Summary of earthquake in Turkey and Syria on February 12

Summary of earthquake in Turkey and Syria on February 12, 2023: more than 34,000 dead and tens of thousands injured in

The WHO is awaiting final approval to send supplies to rebel-held north-west Syria

WHO Director Tedros Adhanom Ghebreyesus (centre) accompanied by Syrian Health Minister Hassan al-Ghabash (centre left) visits an area in the northern city of Aleppo February 11, 2023, days after a deadly earthquake struck Turkey and Syria. (Source: AFP via Getty Images)

The World Health Organization (WHO) says it is awaiting final approval to send cross-shipments to northwest Syria, where rebel groups in the control area of ​​the country’s long-running civil war and aid shipments have encountered obstacles.

The WHO hopes its director-general, Tedros Adhanom Ghebreyesus, will soon be able to travel to rebel-held areas hit by Monday’s devastating earthquake, the organization said on Sunday.

Tedros and a team of senior WHO officials arrived in Aleppo on Saturday on a humanitarian aid flight carrying more than $290,000 worth of emergency and surgical kits.

Rick Brennan, WHO regional director for emergencies, told a news conference in Damascus on Sunday that there had been no “cross-transmissions” in north-west Syria since Monday’s earthquake.

“We have one planned for the next few days.

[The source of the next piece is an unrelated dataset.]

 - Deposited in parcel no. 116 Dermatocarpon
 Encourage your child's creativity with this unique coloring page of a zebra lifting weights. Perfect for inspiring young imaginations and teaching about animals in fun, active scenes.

We’re still negotiating to get it working,” Brennan said, adding that ahead of the quake, the WHO “plans to significantly expand our crossover work.”

According to Brennan, the WHO has the approval of the Syrian government in Damascus but is awaiting “approval… from the authorities on the other side”.

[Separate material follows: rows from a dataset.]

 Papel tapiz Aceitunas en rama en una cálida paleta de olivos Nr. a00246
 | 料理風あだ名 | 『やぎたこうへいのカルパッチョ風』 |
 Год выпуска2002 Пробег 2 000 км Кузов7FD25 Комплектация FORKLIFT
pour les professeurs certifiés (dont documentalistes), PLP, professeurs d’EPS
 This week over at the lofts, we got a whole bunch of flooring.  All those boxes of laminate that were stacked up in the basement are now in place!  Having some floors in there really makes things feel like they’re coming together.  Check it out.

“We’re working very, very hard to negotiate that access,” Brennan said.

On Sunday, UN Emergency Relief Coordinator Martin Griffiths tweeted that “trucks with UN support are arriving in north-west Syria,” posting images of trucks loaded for cross-border supplies. He was “encouraged by the expansion of convoys from UN transshipment centers to the Turkish border,” the aid chief said, but stressed the need to “open more entry points” for aid to arrive faster.

Raed Al Saleh, head of the White Helmets volunteer organization, echoed the call in a tweet on Sunday. Al Saleh said that after meeting Griffiths at the Turkish-Syrian border on Sunday, his group appreciated the “apologies for the shortcomings and mistakes.” He called on the UN to act now, outside the Security Council, to open “three crossing points for emergency aid” in north-west Syria.

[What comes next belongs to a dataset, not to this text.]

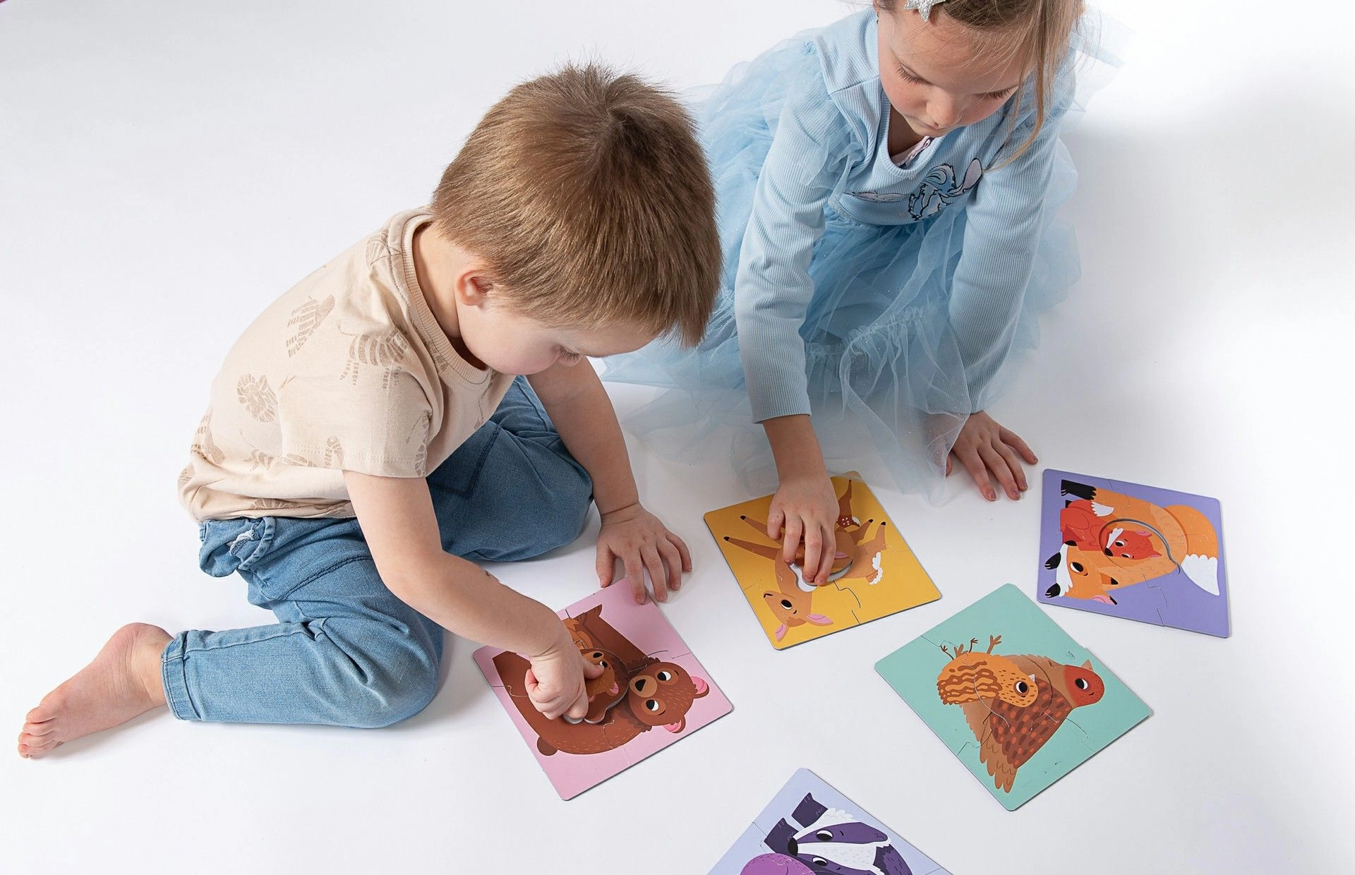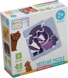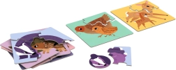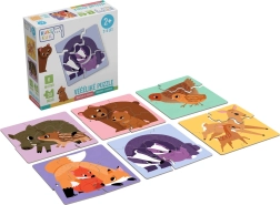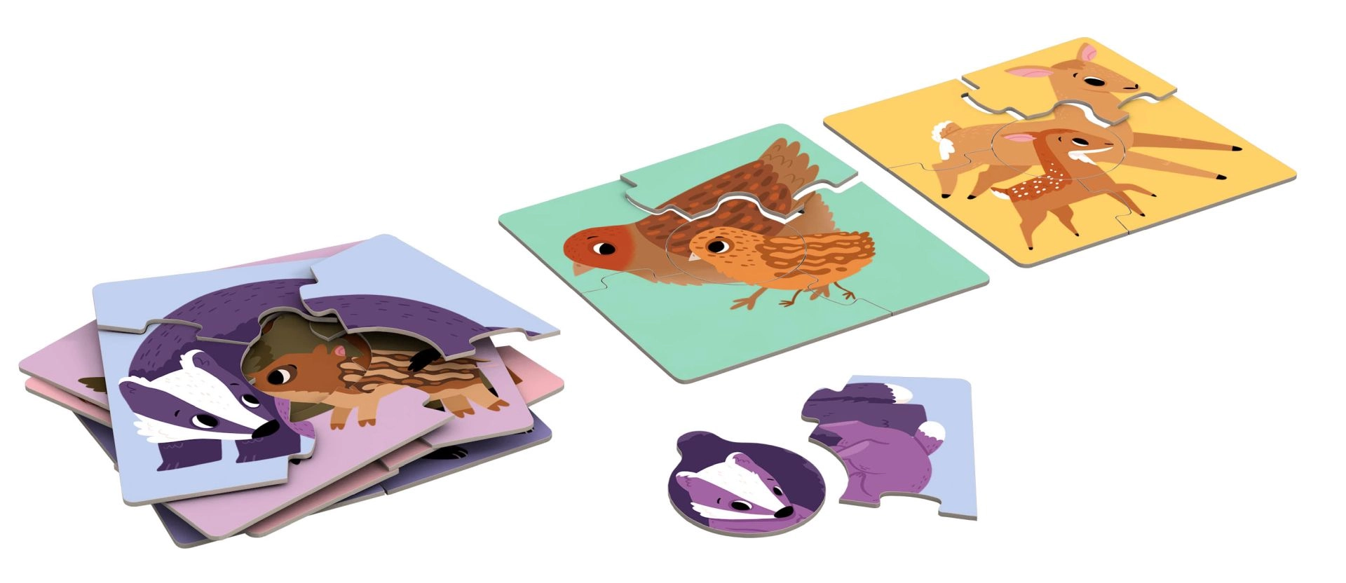 Šiame rinkinyje yra šešios kvadratinės dėlionės su gyvūnų šeimų iliustracijomis – meška, lapė, barsukas, šernas, stirna ir paukštelis. Kiekvieną motyvą sudaro keturios didelės detalės, o galutinis dydis apie 15,5 × 15,5 cm. Vienodos jungčių formos skatina vaikus sistemiškai bandyti ir teisingai priderinti detales, o jauniklių centrinės dalys visuose motyvuose turi vienodą formą.

A healthcare system already in trouble: The WHO official reiterated that even before the earthquake, only 51% of medical facilities in government-controlled Syria were fully operational, with around 25% to 30% being only partially utilized. He said that while the WHO doesn’t have access to the same data when it comes to healthcare in the North West, it estimates “probably similar numbers” in terms of capacity.

“I think this is one of those cases where 10 years of war or 10 years of instability has pulverized this healthcare system to the point where it just can’t function properly anymore,” said Mike Ryan, executive director of the program. WHO Health Emergencies.

“It’s not just the physical damage to the infrastructure itself, but also the loss of wages, the loss of training. And there was this ‘death by 1,000 failures’ in the system, and then the system responded admirably to its massive impact from a catastrophe, but there’s not much people can do,” Ryan said.